By contrast, LAA chief executive Shaun McNally, who took up his post in April this year, having worked at the agency in different roles since 2012, maintained the organisation was performing well. The bad old days of its predecessor, the Legal Services Commission, when practitioners had to ‘wait 30 minutes to get through on the phone and considerably longer for bills and applications to be processed,’ were long gone. He accepted there were still ‘issues’ with CCMS, but insisted that the LAA’s customer service team were equipped to sort them out.
‘I feel proud of how the agency has been transformed over recent years,’ he said. ‘I lead an organisation where people who work within it are committed, supportive and care for each other and are absolutely passionate about the service they provide. They are proud to work for an agency which has a key role to play in the justice system.’
The LAA’s performance had improved, despite its budget being reduced by 34 per cent since 2010, he added, but warned it still had to find further savings of £11m during the current spending period. He suggested this could be achieved by envisaging a ‘different future’ for the LAA and practitioners. ‘What if we challenge ourselves to work in a different way? What if we had a different relationship that was akin to adult to adult? What if we understood and appreciated each others’ perspectives and were prepared to make a real difference?’
In her opening speech, LAPG co-chair Nicola Mackintosh QC (hon) had warned that, with so much pressure on its budget, the LAA should sort out CCMS as a matter of urgency. ‘It costs more and wastes money that would be better spent on clients. The taxpayer should not be paying for a system which is so clearly inefficient,’ she said. Alex Offer, a public law barrister at Garden Court North, told McNally that, while the legal aid bar was keen to work with the LAA, ‘we do not feel you are interested in working with us.’
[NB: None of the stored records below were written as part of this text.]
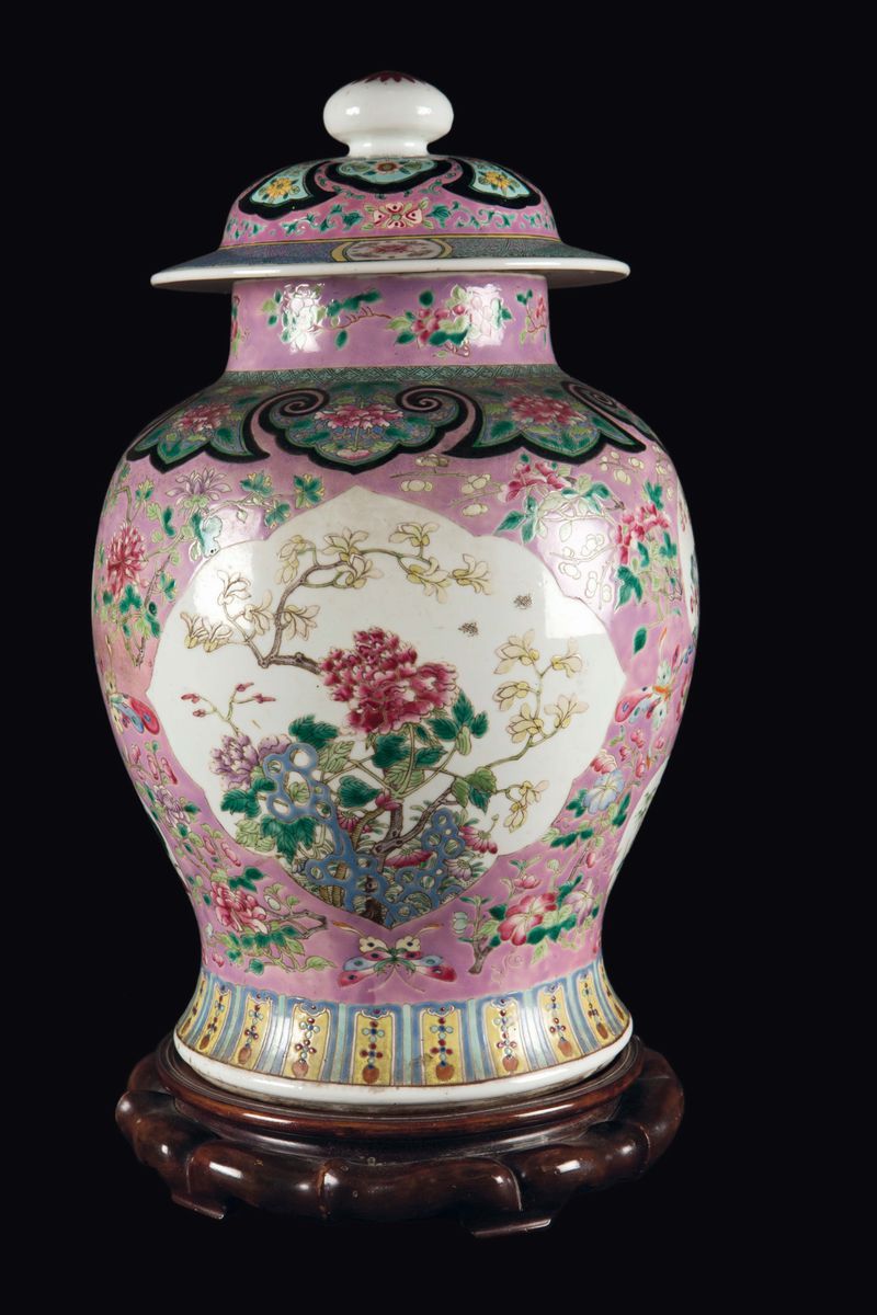 Potiche con coperchio in porcellana Famiglia Rosa con decoro floreale entro riserve, Cina, Dinastia Qing, XIX secolo
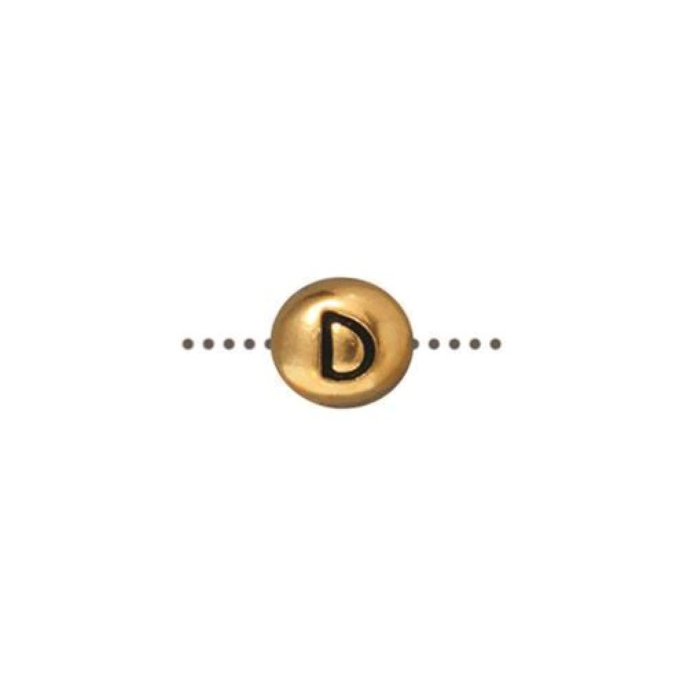 • Бусина металлическая, TierraCast, двусторонняя с буквой английского алфавита D, позолоченная с чернением, 6мм
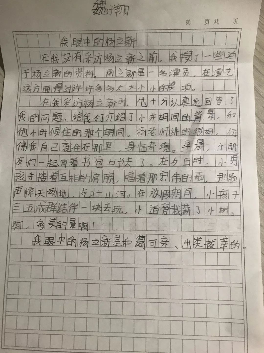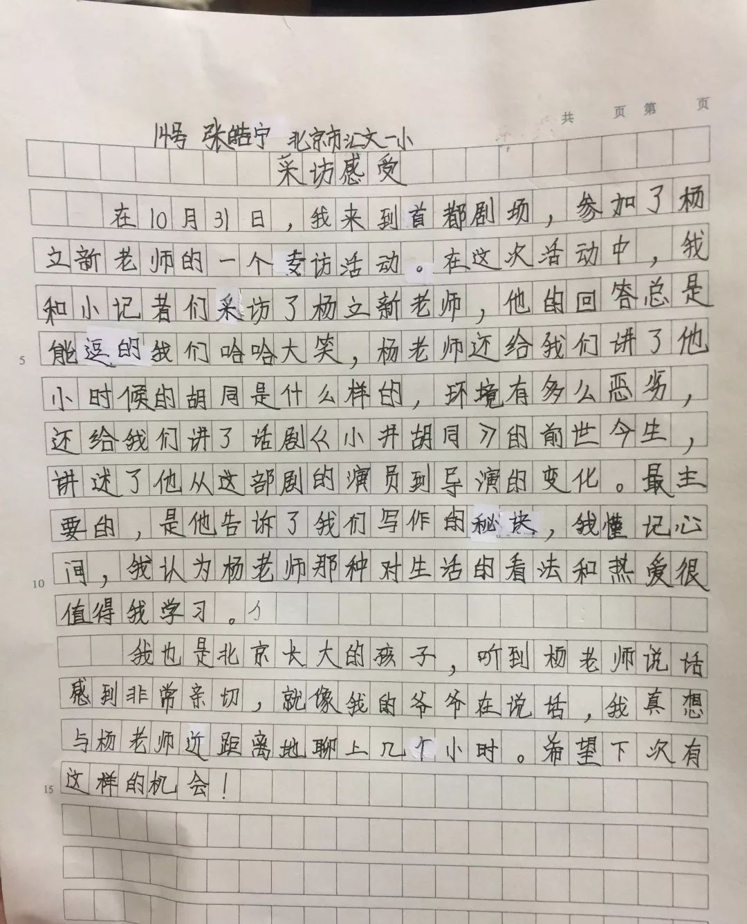 活动结束后,圆桌小记者们认真写下了参加此次访谈活动的感想——对杨立新老师和《小井胡同》有了新的认识,对老北京文化有了新的思考,对自己的成长有了新的启迪……
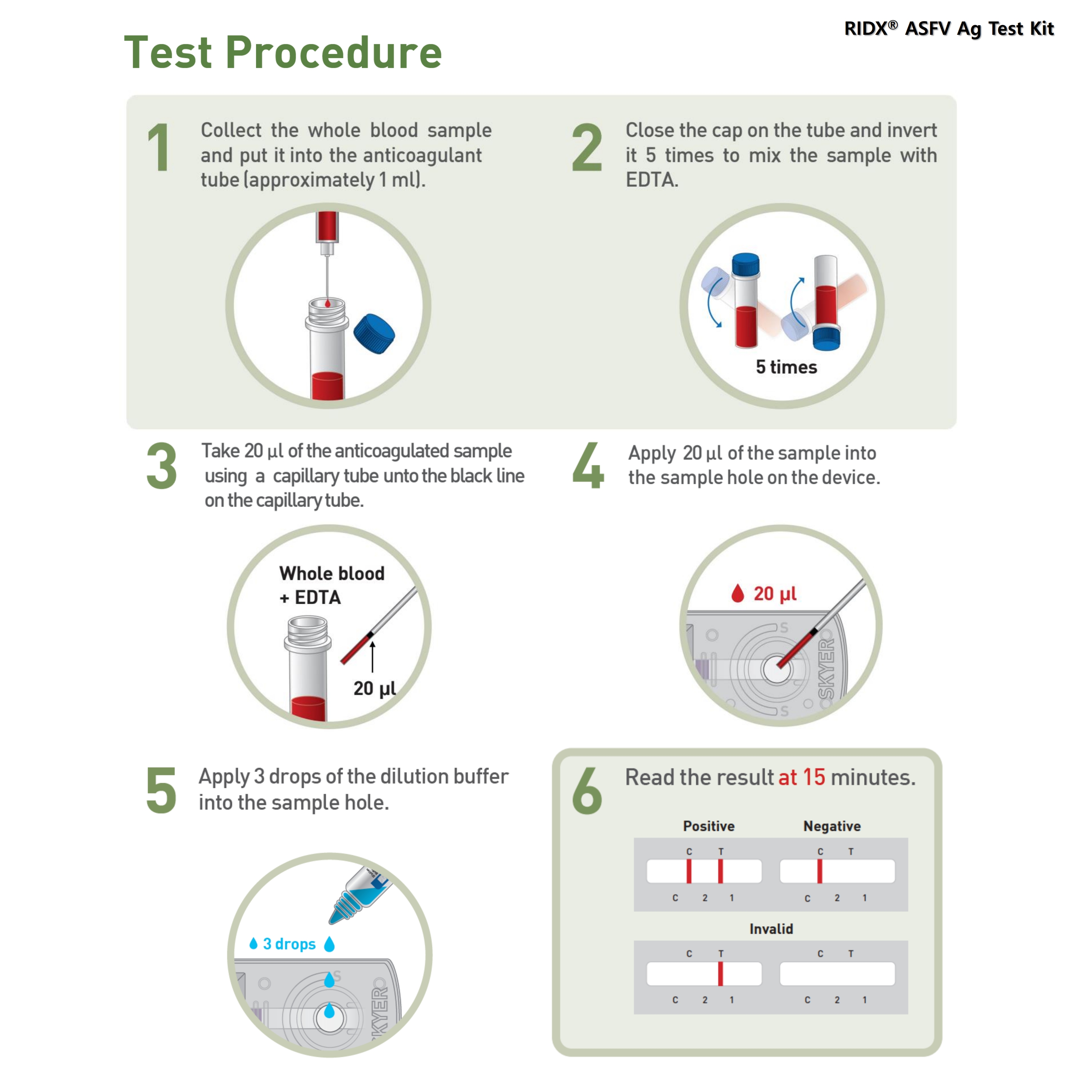 The RIDX® ASFV Ag Test Kit is a lateral flow chromatographic immunoassay for the qualitative detection of African swine fever virus (ASFV) antigen in porcine blood. This kit shows two letters which are the test (T) line and the control (C) line on the surface of the device. If the ASFV antigen exists in the sample, it binds to the gold-conjugated anti-ASFV antibody. The antigen-antibody complex moves through the membrane by capillary force and responds to the secondary anti-ASFV antibody on the test line, resulting in a red line. The control line indicates that the test is performed correctly and should appear when the test is complete.
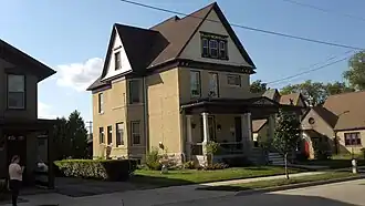 The house was built in 1893 for local brewer August Fuermann Jr., his wife Eliza, and their two children. August died unexpectedly later in the same year, and Eliza sold the house to hatmaker Clara Weiss, who lived there for 40 years.[2] The two-and-a-half story brick house has a Queen Anne design with elements of the Neoclassical style; Queen Anne architecture was popular throughout the United States in the late twentieth century. The design features a wraparound front porch with a pavilion at the main entrance, multi-story bay windows on the south and north facades, and a front-facing gable end with decorative shinglework.[3]
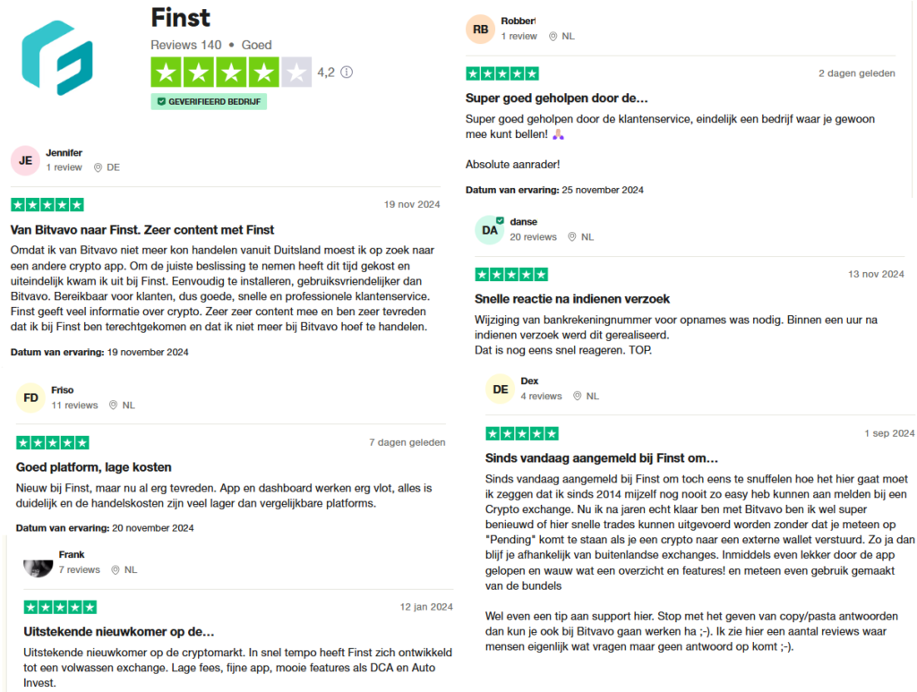 Daarnaast zie je ook veel mensen die overgestapt zijn vanuit Bitvavo en erg tevreden zijn. Dat zegt ook wel dat Finst echt een betrouwbaar platform is.
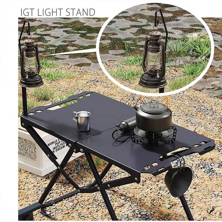 ■付属のランプスタンドは、夜間のキャンプ活動を快適にサポートする便利なアイテムです。LEDランタンやフック付きライトを吊るせば、テーブル全体を明るく照らすことができ、調理・食事・ゲーム・読書などあらゆるシーンで活躍します。
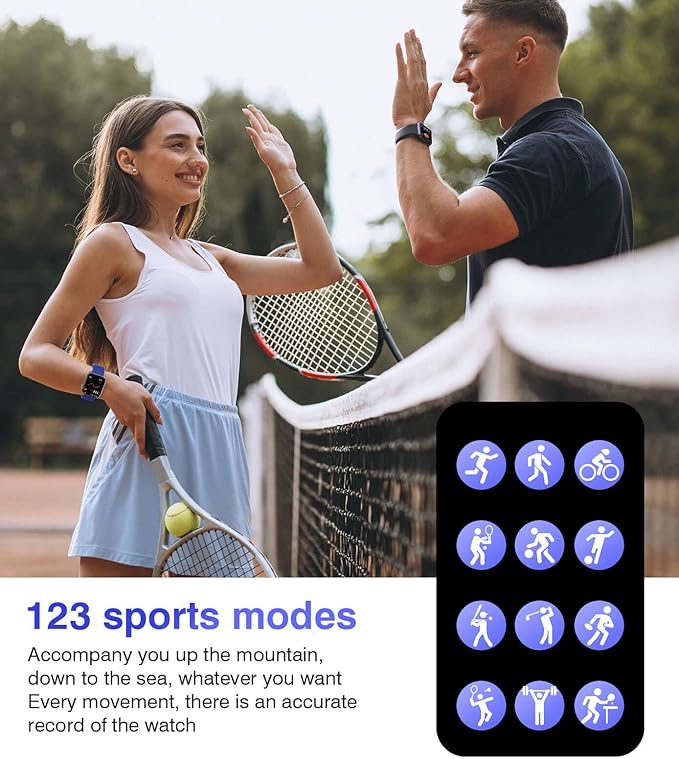 Smart Watches for Men Women with Blood Pressure Monitor, 1.9'' HD Full Touch Screen Fitness Tracker, 123 Sports Modes, Waterproof Smartwatch with Heart Rate, Blood Oxygen Compatible Android and iOS
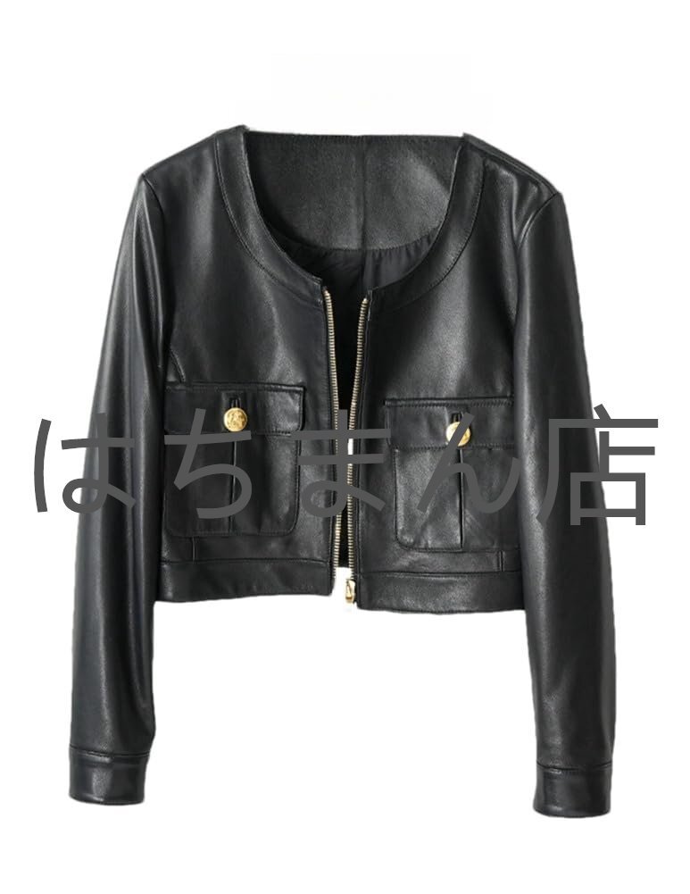 - ノーカラージャケット レディース 本革 レザージャケット 革ジャン 皮ジャン 本皮ジャンパー 上質 ブルゾン 結婚式 ブラック S-XL
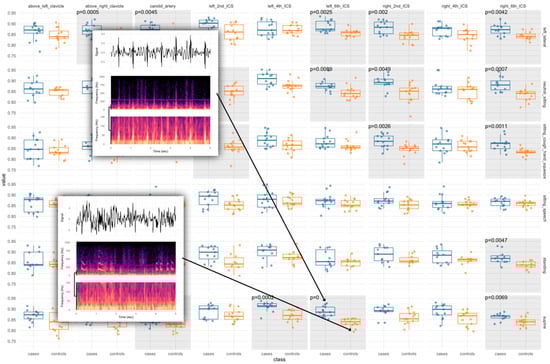 Visual comparisons of Mel-scale based features of spectrograms of matched case–control pair samples. Blue indicates features derived from cases, and orange indicates features from controls. Gray-shadowed regions highlight case-control pair wavelet transform-based Mel-scaled features that were found to be statistically significantly different between the two groups, as determined by ANOVA.
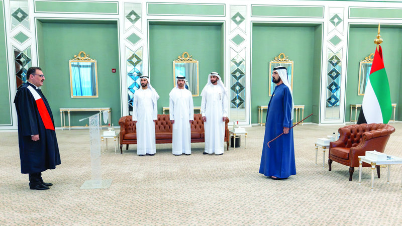 أمام صاحب السمو الشيخ محمد بن راشد آل مكتوم، نائب رئيس الدولة رئيس مجلس الوزراء حاكم دبي، رعاه الله، أدى 35 من القضاة الجدد في محاكم دبي اليمين القانونية، وذلك في مجلس «المضيف» بدار الاتحاد في دبي.
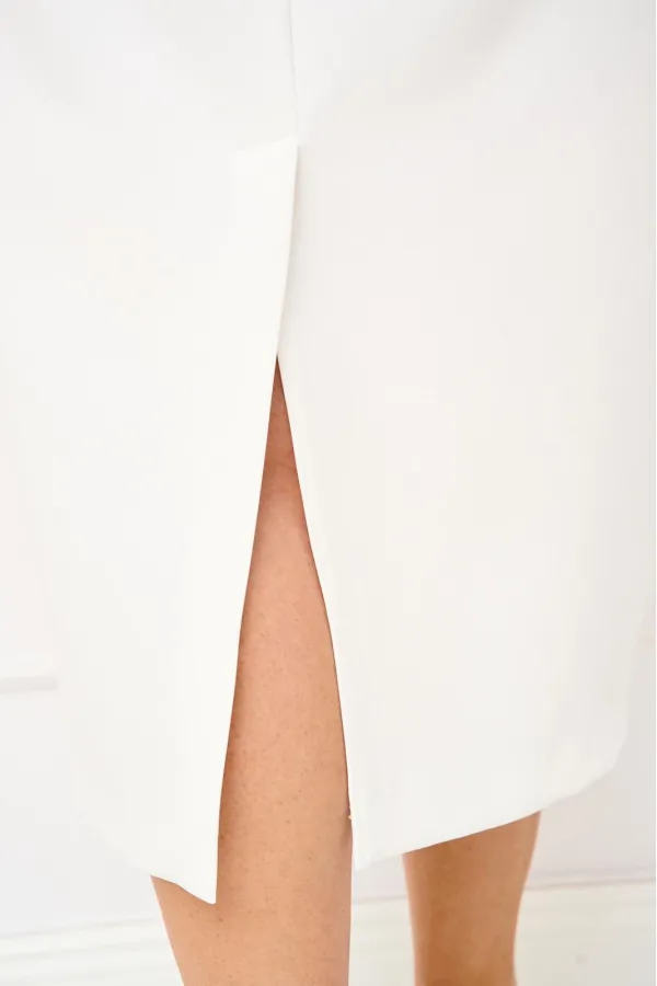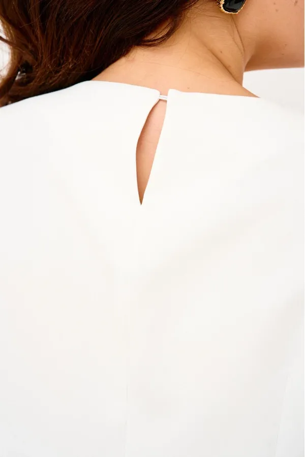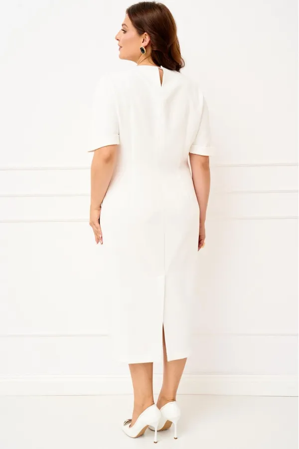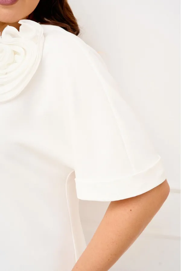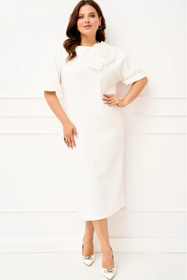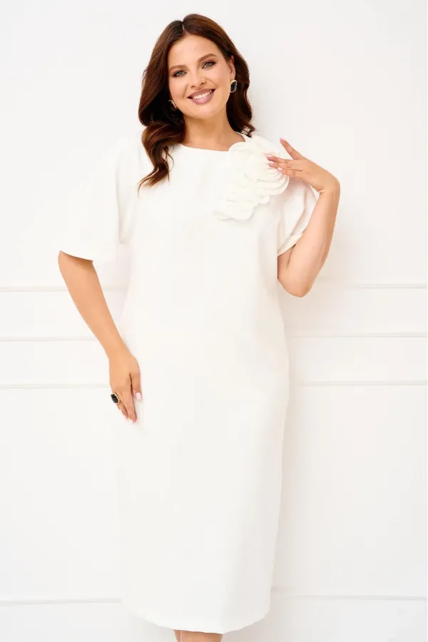 Женское платье полуприлегающего силуэта выполнено из плательной ткани со втачными рукавами и декоративным несъемным цветком; по спинке вырез в виде капельки, который застегивается на петлю и пуговицу; по низу - шлица.
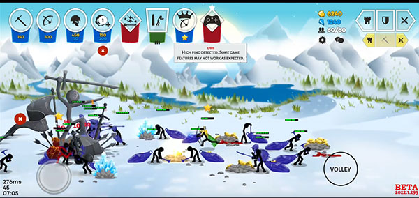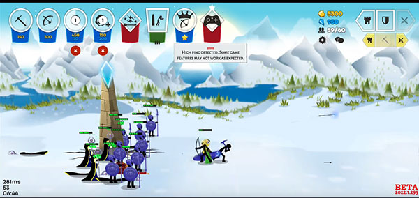 第十一关:冰冷山区,对方基本上是满级战斗单位,前期6矿工大力发展经济,先养四排剑士
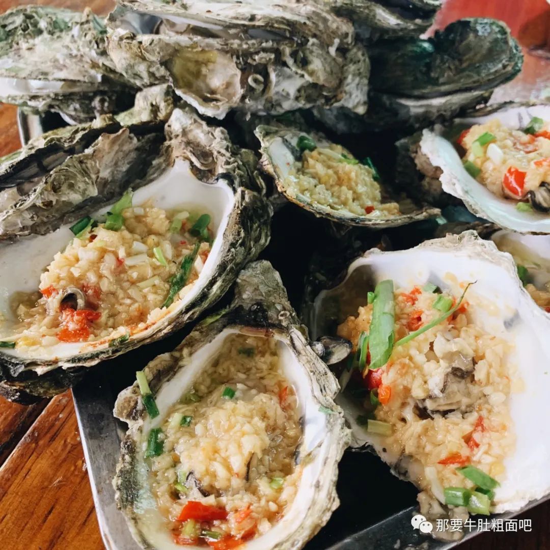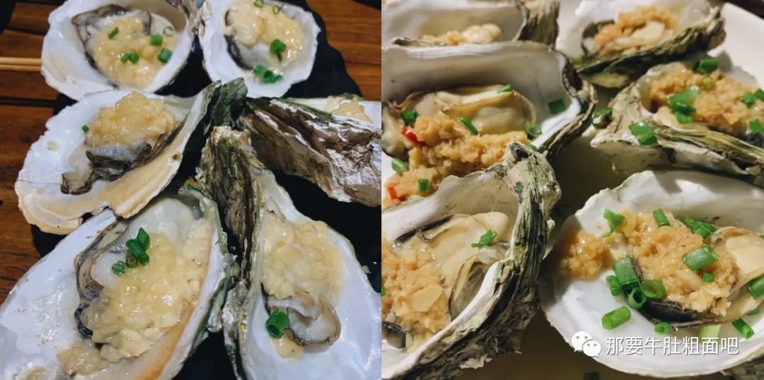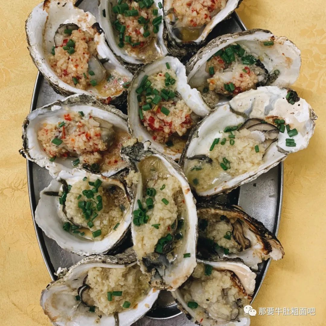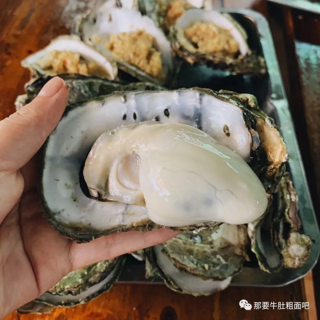 全城排挡吃了不下四五家,口感大差不差,价格也相似,当时(21年10月)平均5.5-8元一个,只是品质像开盲盒。除了 蒜蓉,也流行整只烤的 原味,撬开蚝壳之前,不知道是紧缩干瘪的一小团,还是大过手掌的鲜味炸弹。

‘My experience of Legal Aid Agency decision making is overwhelmingly that you exist not to promote access to justice but act as financial gatekeepers to reduce access to justice whenever you can.’ Offer cited the example of a Romany Gypsy who was ‘vulnerable and could not read’, who was denied exceptional case funding for a planning hearing, for which he would need to read ‘600 pages of planning guidance’. ‘The LAA seems to be willing to throw resources at preventing access to justice,’ said Offer.
McNally rejected the suggestion that LAA staff make decisions to save money. ‘The conversations I have with the teams do not lead me to believe that they are driven by cost but by the regulations.’ However, Nicola Mackintosh, a sole practitioner, specialising in community care and mental capacity work, suggested to McNally: ‘The experience with staff on the ground may not necessarily be in accordance with your aims.’
Delegates were equally trenchant in their criticism of the LAA’s insistence on including an ’embarrassment clause’ into its crime contract, a provision which is now subject to judicial review. The clause gives the agency to right to strip firms of their contracts if they bring it into disrepute and critics fear it will be used to muzzle practitioners.
Cris McCurley, partner at Ben Hoare Bell warned that if the clause is introduced into crime contracts, it will inevitably also be imposed on firms doing civil legal aid. ‘The LAA has told us they think it’s a fair clause and if we don’t want to sign it, we don’t have to – and we can just stop doing legal aid.’
LAPG director Carol Storer rejected LAA assurances that it was a standard term for government contracts. ‘What legal aid lawyers do is more important than an average contractor who is supplying services which are non-controversial. Our work we is all about challenging the state. We cannot accept this as reasonable.’
Richard Miller, Law Society head of legal aid, added that there are occasions when legal aid lawyers are under a professional duty to embarrass the LAA. ‘If they have cocked up your client’s claim and their case has been endangered, that would be a source of embarrassment to the LAA, or would be if they had any shame. It is wholly inappropriate for this clause to be in the contract. Unlike legal aid lawyers, other government contractors are not in the business of holding government to account.’
For those with longer memories, McNally’s call for an ‘adult to adult’ relationship with legal aid lawyers was reminiscent of similar attempts by one of his predecessors a decade earlier. Clare Dodgson, appointed as LSC chief executive in 2003, insisted she wanted to end the ‘Punch and Judy show’, and move to a ‘preferred supplier’ scheme for firms. Dodgson (who went on long term sick leave, never to return) lasted only two years in the post, and left with relations between firms and the commission no less fractious than they had been at the start of her brief tenure.